According to operators and industry analysts, Germany’s goal to boost power generation from hard coal-fired power stations to make up for decreased gas supplies is being hampered by high coal costs, supply constraints, and old plants.
As it prepares for declining Russian gas supplies, Germany decided earlier this month to permit the resurrection of coal-fired power facilities or an extension of existing lifespans. About 6% of the nation’s electricity is produced from gas.

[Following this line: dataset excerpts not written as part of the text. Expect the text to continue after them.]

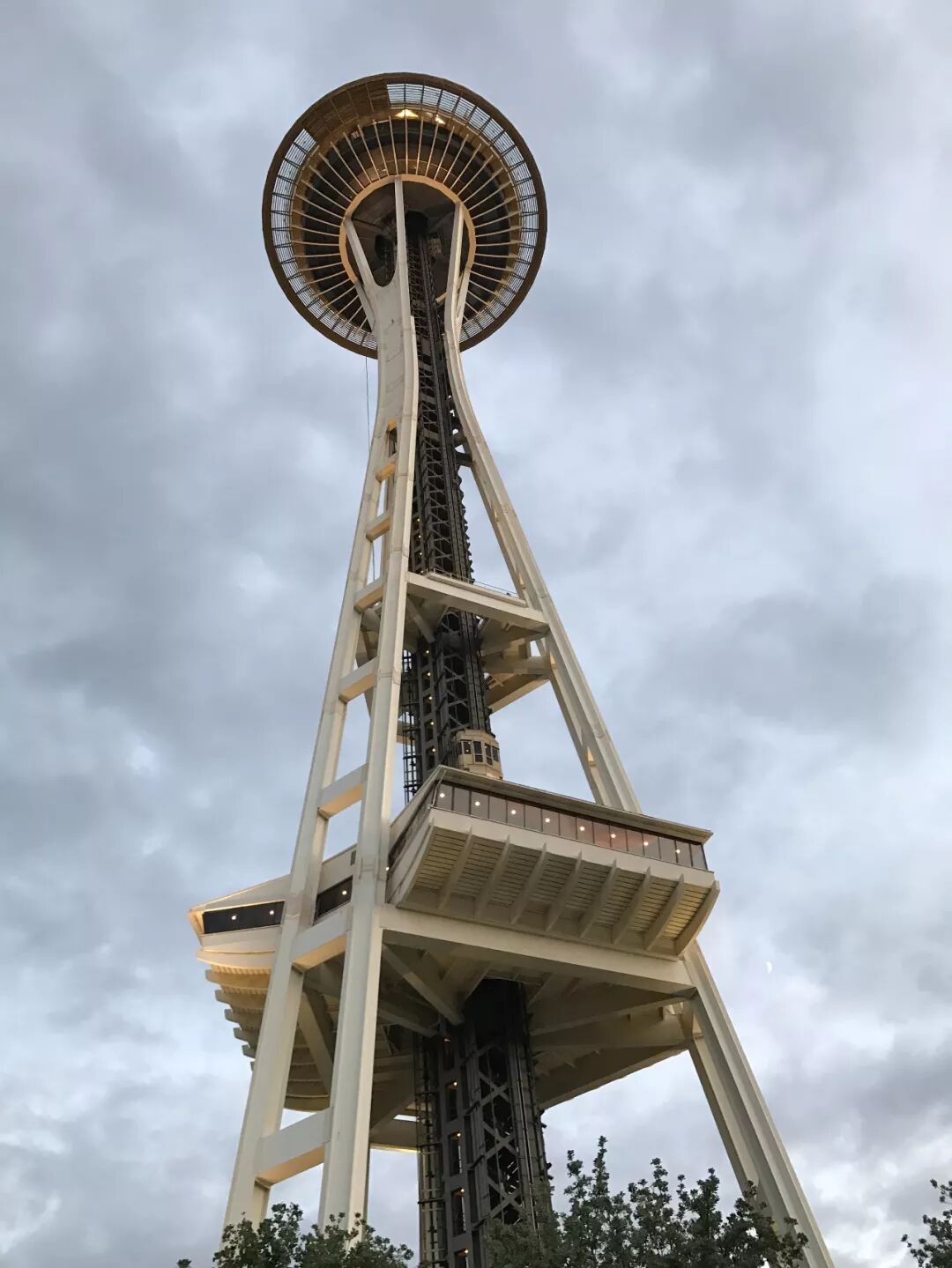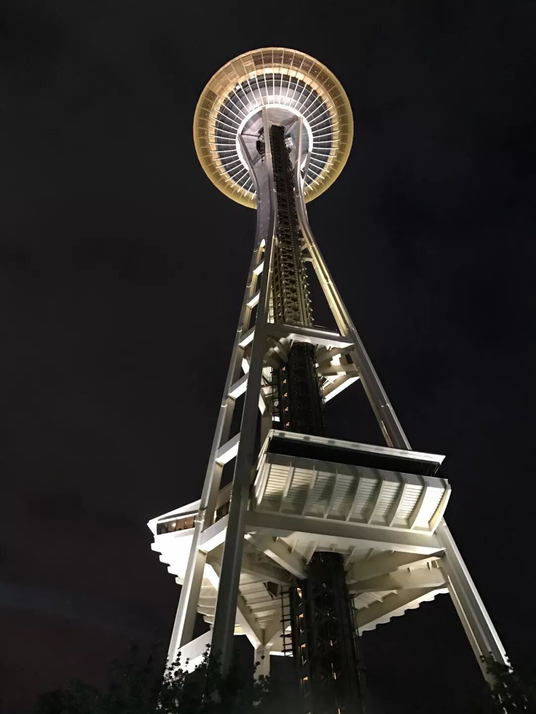 从塔底平台购票后乘坐电梯直达观景平台,整个四周都是扎实的玻璃围成的观景玻璃墙,只要你胆子大,尽可以踩在长凳上躺在斜玻璃上拍照。等到回到地面的时候,已经夜色笼罩,亮灯的太空针塔在黑夜里像极了头戴王冠的窈窕公主。
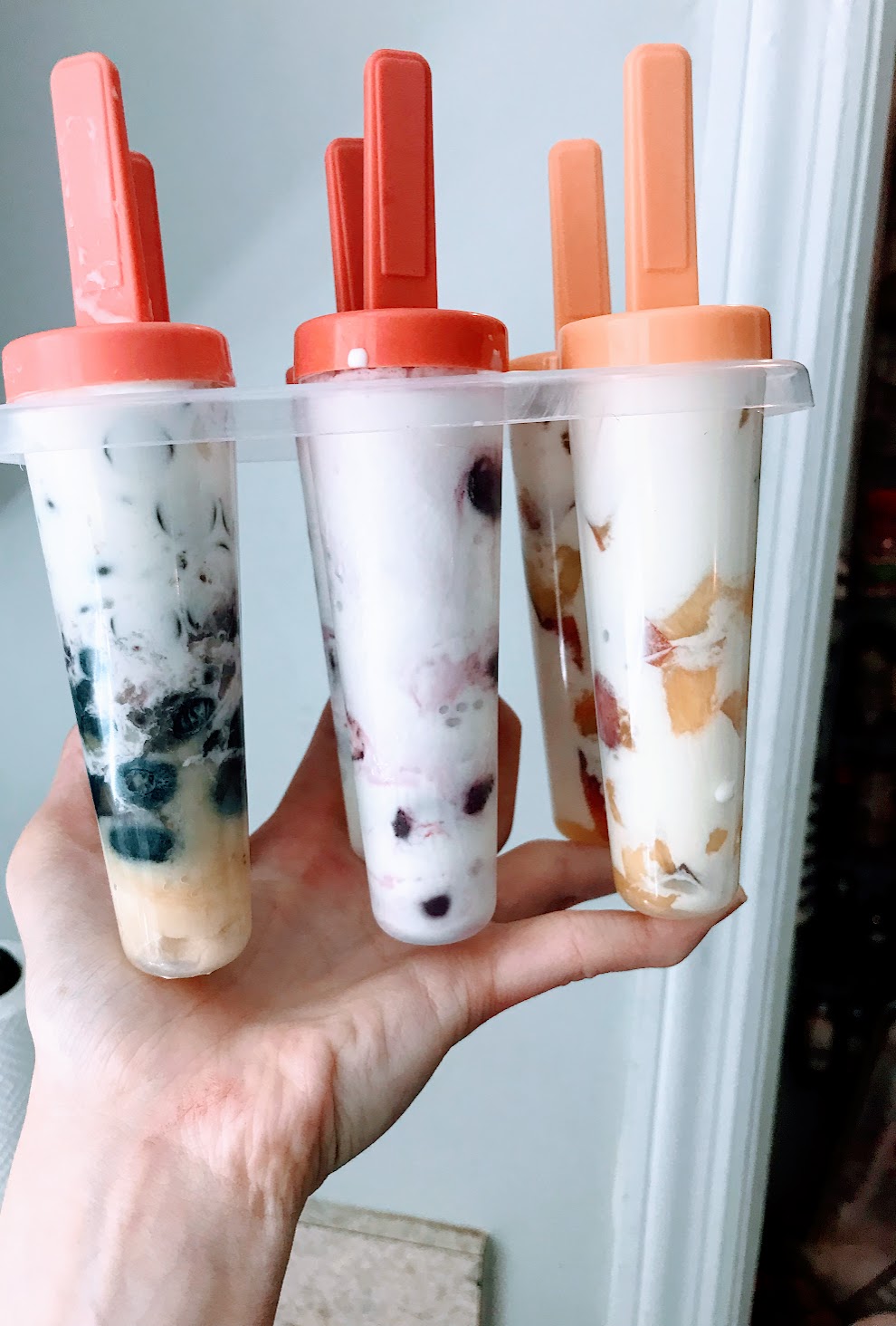 - Chop up the fruit and place it into each popsicle mold. (The combinations I made were peaches & cream, cherries & cream, and bananas, blueberries, chocolate chips & cream)
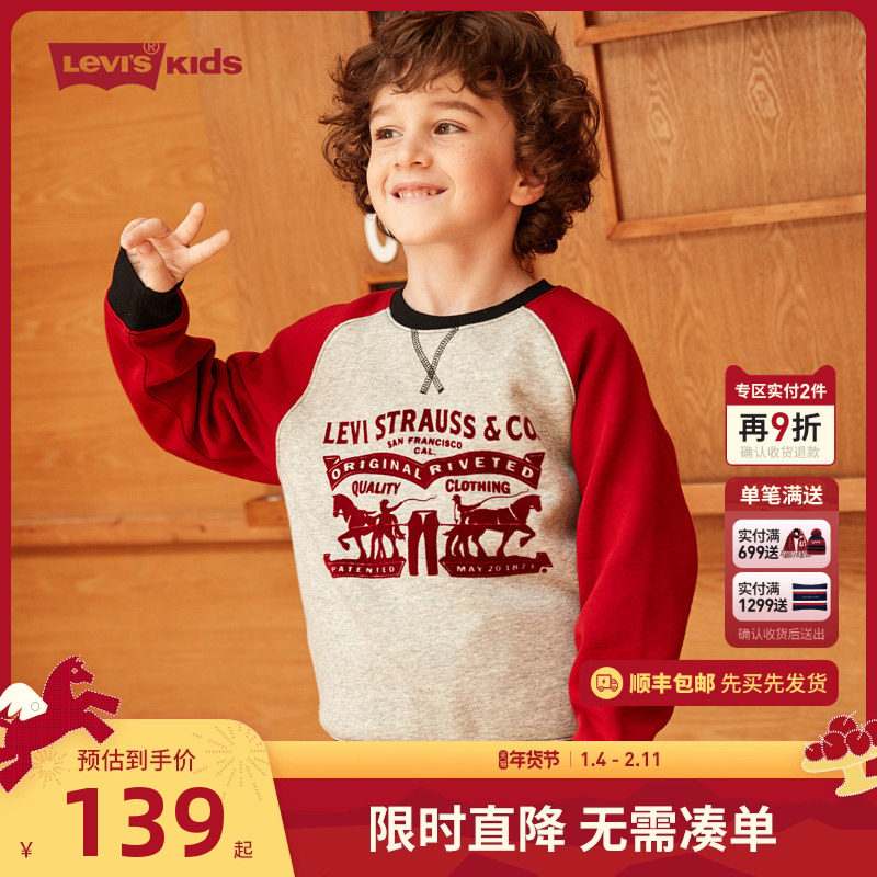 李维斯童装2025秋冬新款中大童宝宝加厚上衣男童保暖加绒红色卫衣
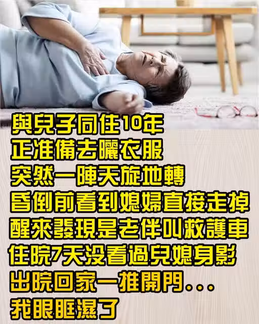 與兒子同住10年!正準備去曬衣服,突然一陣天旋地轉,昏倒前看到媳婦直接走掉,醒來發現是老伴叫救護車,住院7天沒看過兒媳身影,出院回家一推開門 我眼眶濕了 …
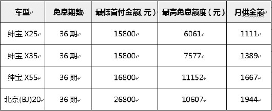 依据政策,在活动期间,凡贷款购买绅宝X25/X35/X55/北京(BJ)20的用户,仅需支付部分首付,均可尊享3年36期超长免息优惠,按照目前5.25%的贷款基准利率计算,最高可省11152元!
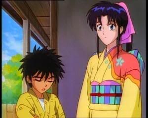 A la siguiente tarde, Hiko pasa de nuevo por el lugar de la matanza y se da cuenta de que hay muchas cruces, como en un cementerio, all� me encuentra de nuevo con 3 rocas frente a mi. Hiko me pregunta el porqu� de tantas tumbas (las de su "familia" y las de los bandidos). Entonces, le conte ,mi historia: que comienza un a�o antes con la muerte de mi familia a causa del C�lera, al marchar de mi aldea, me encontre con esta caravana y viaje con ellos durante un a�o. Al final, razonando el por qu� de haberles dado entierro diciendo m�s o menos que las personas, ya sean bandidos o tratantes, al final cuando mueren todas quedan en silencio. Hiko, apiad�ndose tambi�n, vierte sake sobre las 3 piedras que representaban a las 3 hermanas. Tras la ofrenda, Hiko me pregunta c�mo me llamaba a lo que yo le respondi Shinta, al oir este nombre, Hiko me dice que es un nombre muy tierno, pero que para un espadachin no sirve y que desde ese momento me llamar�a Kenshin (Coraz�n De Espada) y me ofrece un regalo muy preciado, una espada. As� es como yo conoci� a mi maestro en el estilo Hiten Mitsurugi Ryu.
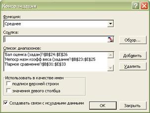 Рис. 7. 15. Параметры диалогового окна «Консолидация» - В поле « Функция » выберите функцию консолидации «Среднее». - Поместите курсор в поле « Ссылка » и укажите первый диапазон консолидации (выделите данные области $B$24:$E$26 листа «Бальная оценка». - Нажмите кнопку «Добавить». Ссылка появится в поле « Списокдиапазонов ». - Таким же образом добавьте ссылку на аналогичные данные листов «Непосредственное назначение коэффициентов веса» и «Парное сравнение». - В области « Использоватьв качестве имен » отмените флажки « подписиверхнейстроки » и « значениялевогостолбца ». В данном случае заголовки столбцов и строк не участвуют в консолидации, они уже есть в итоговой таблице. - Для автоматического обновления данных установите флажок « Создавать связи сисходнымиданными ». При этом следует учитывать, что связь можно использовать только в том случае, если исходные области и область назначения находятся на разных листах рабочей книги. - Нажмите кнопку ОК. В ячейках В7:Е15 появятся усредненные данные трех методов оценивания результатов для каждого эксперта (рис. 7.16).
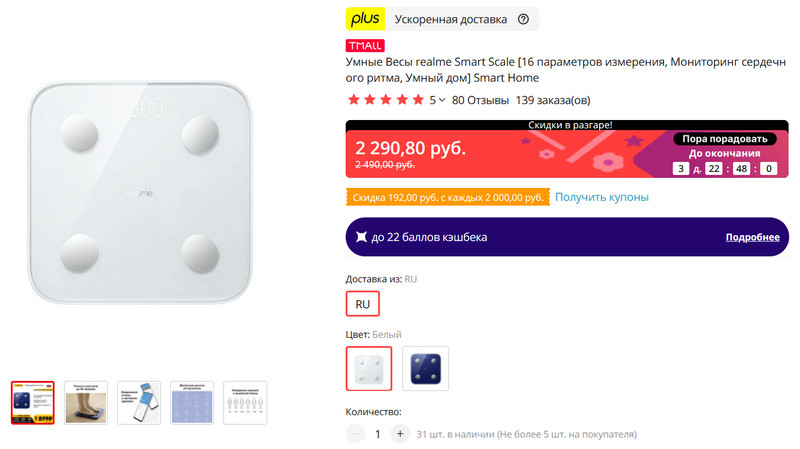 Новые умные весы Realme Smart Scale с хорошей скидкой и доставкой с российского склада.
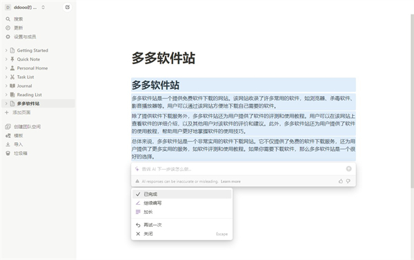 3、接下来就可以看到ai已经编写完成,还可以根据选项来继续使用。
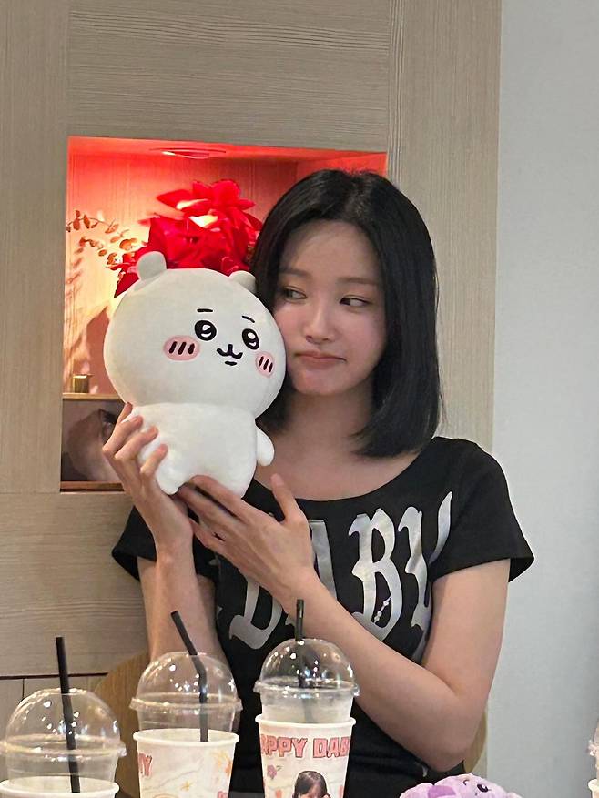 다른 컷에서는 프린트 티셔츠에 캐릭터 인형을 들고 있는 모습이 포착됐어요.
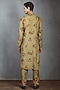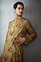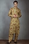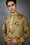 Featuring a yellow kurta in chanderi and cotton silk base with printed stripes. It is paired with matching pants.
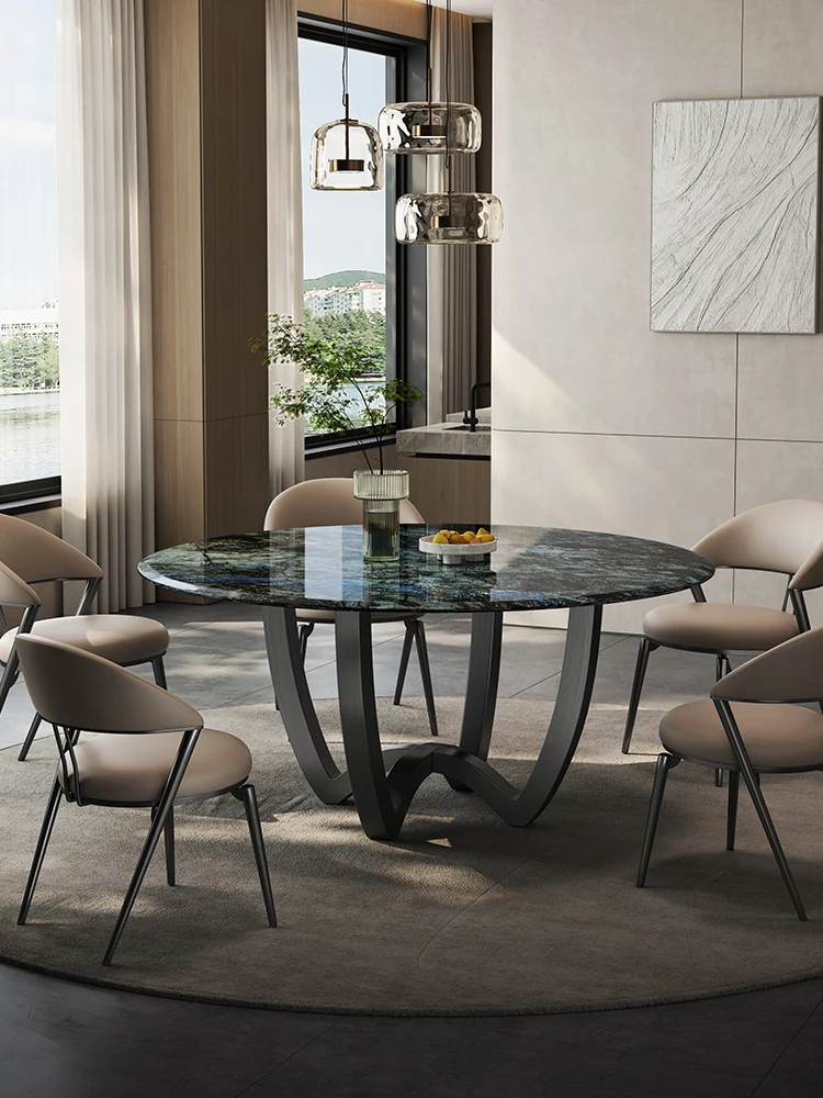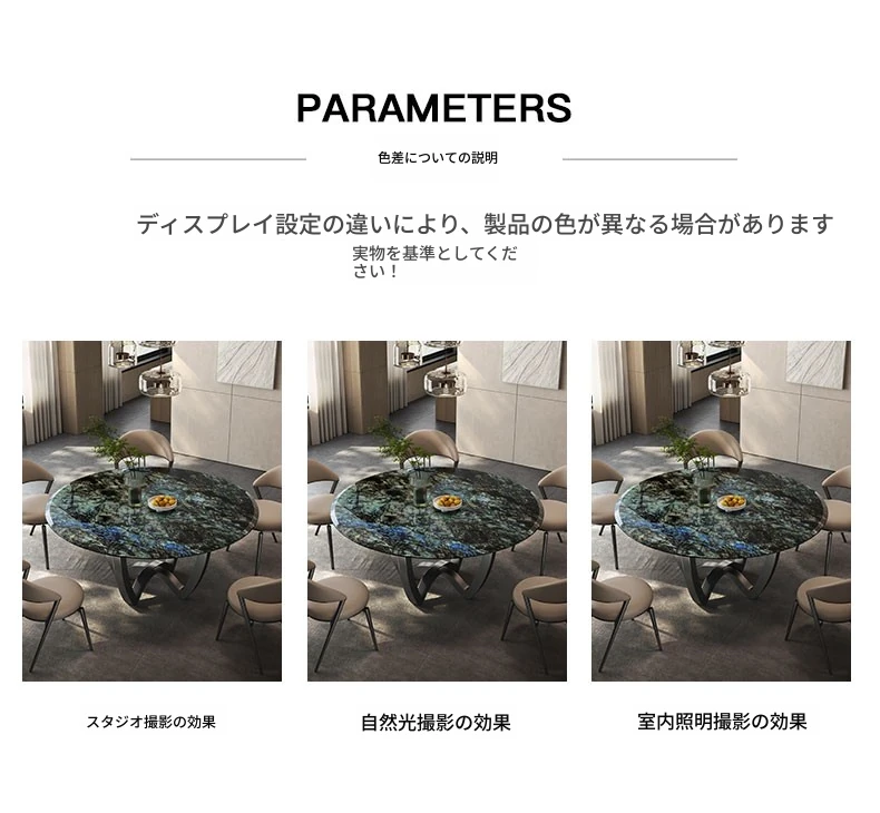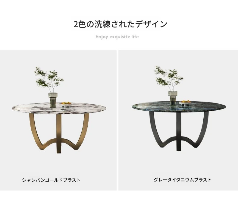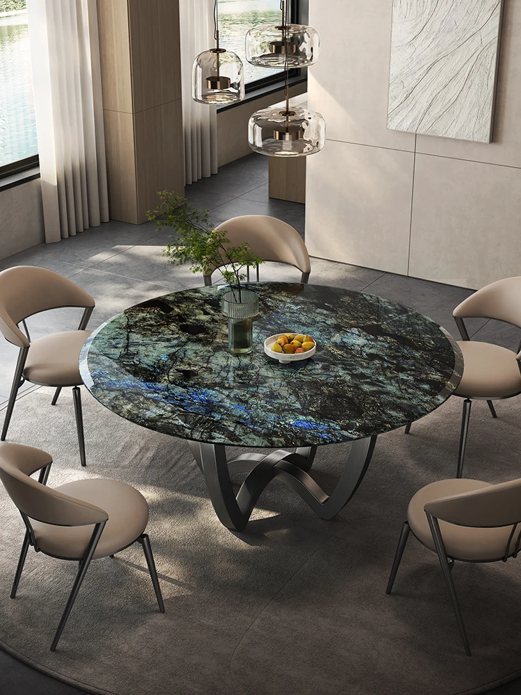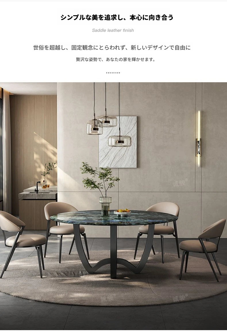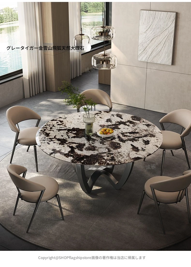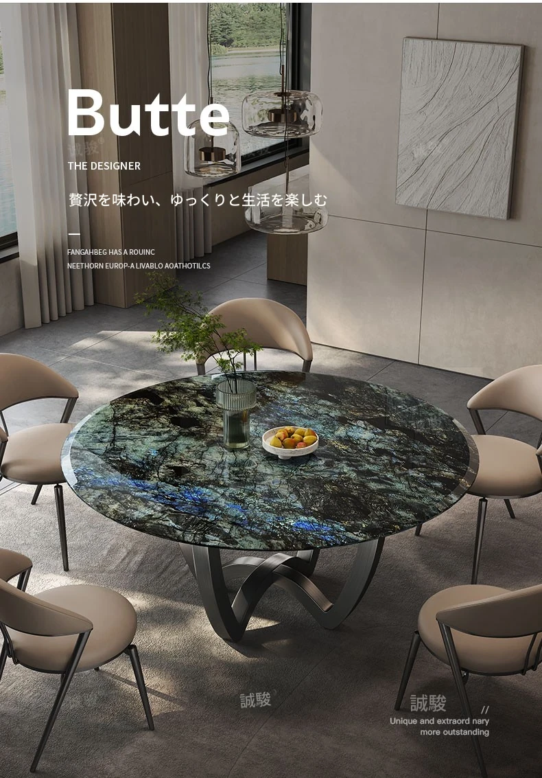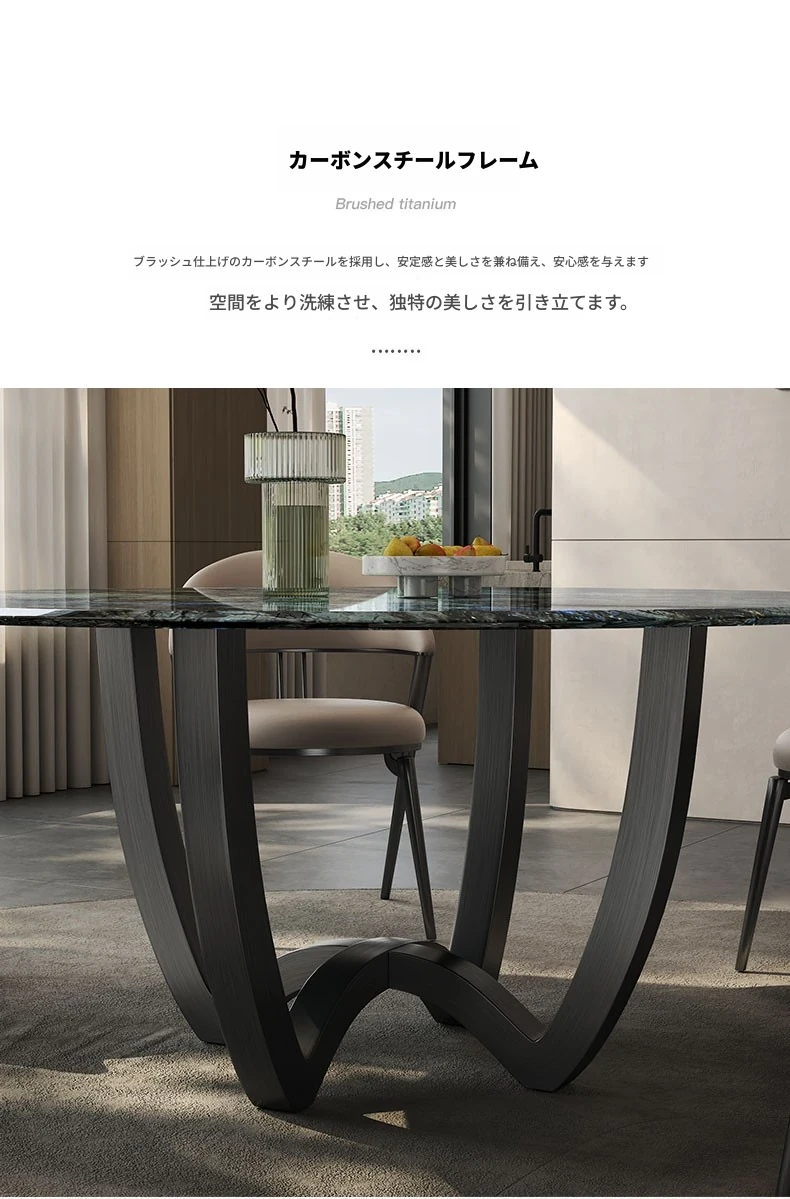 高級感溢れる大理石のラウンドダイニングテーブル - 自然のエメラルドストーンを使用した、6人用の贅沢な家族向けセット。ヴィラにぴったりの洗練されたデザインで、特別なひとときを演出します。
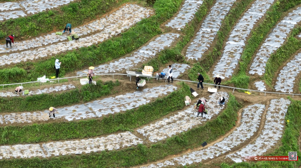 ▲“小火车”将菜苗运给村民栽种。(黄莎娜 摄)

Rough calculations show that the change may offset 1% to 2% of Germany’s gas usage, but energy providers have either refused to restart units or are having trouble finding the requisite coal. According to Germany’s energy authority, only one of 16 coal-fired facilities that Berlin wants to see revived has received notification about reconnecting from operators thus far. According to the economy ministry, discussions with operators and associations were ongoing, and the situation with coal power was being continuously monitored.
Utility EnBW in southern Germany runs half of the 16 coal-fired facilities on the government’s list for reactivation or extension, but the operator claimed the units could not be rejoined to the grid due to their age. However, EnBW announced that it would postpone the closure of one facility that was scheduled for October.
In contrast, chemical company Evonik said it will restart a facility in the western town of Marl, but only in the fall. Both Uniper, which has operations on the government’s list, and Evonik indicated they had not yet made decisions regarding future reactivations.
A representative for Evonik stated that they hired people, purchased coal on the international market, and took care of the technical upkeep. Hard coal power plant Steag wants to restart its operations, but there are supply issues because doing so would have a not insignificant impact on the company’s cash flow and cost somewhere in the mid three-digit million euros. Steag wants to restart its operations, but there are supply issues because doing so would have a significant impact on the company’s cash flow and cost somewhere in the mid-three-digit million euros.
Energy operators are considering switching back to coal as a result of higher electricity rates, but the cost of coal has dramatically increased and enterprises must pay upfront for supplies. Low water levels have made it difficult for ships to transport their full cargo capacity across rivers, while grain imports from Ukraine are taxing the rail system, according to Germany’s coal importers group, which was quoted by Reuters.
According to the group, congestion in the coal transport system will worsen, especially after September, when import volumes are predicted to climb dramatically on a monthly basis.